Проклятье.
Меня заметили.
— Чего уставился? — Парень злобно ткнул в меня словами. — Заняться больше нечем?
Нечем.
И нечем было мне ответить.
Нечем вообще.
— Ну?
Все равно нечем.
Тут и девчонка напустилась:
— Иди на кого другого пялься, трехнутый. — У нее были светлые волосы, зеленые глаза, обжатые светом фонаря и голос, как тупой нож. И она пырнула меня им: — Дрочила.
Типичный случай.
Этим словом обзывают на каждом шагу, но в тот раз оно меня задело. Думаю, задело потому, что от девчонки. Не знаю. Но, в общем, было довольно погано, что до этого дошло. Даже автобуса ждать мирно у нас не получается.

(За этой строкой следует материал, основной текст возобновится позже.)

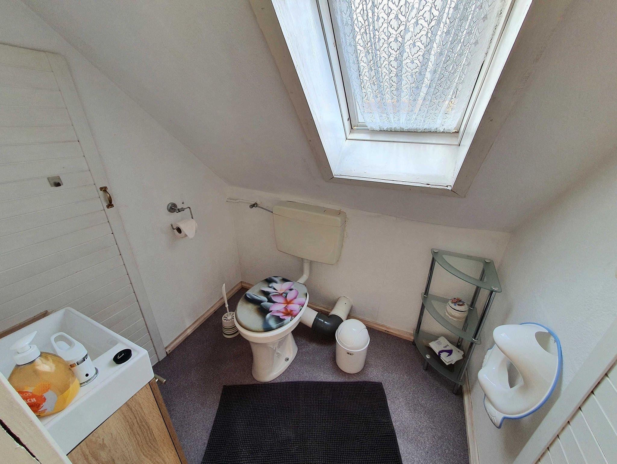 Die Dusche wurde 2021 komplett neu saniert. Die Toilette befindet sich in einem separaten Raum, getrennt von der Dusche.

Знаю, знаю. Нужно было огрызнуться, да позлее, но я не стал. Не мог. Вот тебе и по-Волфчьи, ага. Вот тебе и дикий пес, которым я раньше был. Я только бросил на них еще один быстрый взгляд, чтобы понять, собираются ли они отполировать свой наезд еще какими-нибудь словечками.
Парень тоже был светлый. Не дылда, но и не коротышка. В темных штанах и ботах, черной куртке, с глумливой рожей.
Между тем, мужик с портфелем глянул на часы. Дымильщица прикурила новую сигарету. Рабочий переступил с ноги на ногу.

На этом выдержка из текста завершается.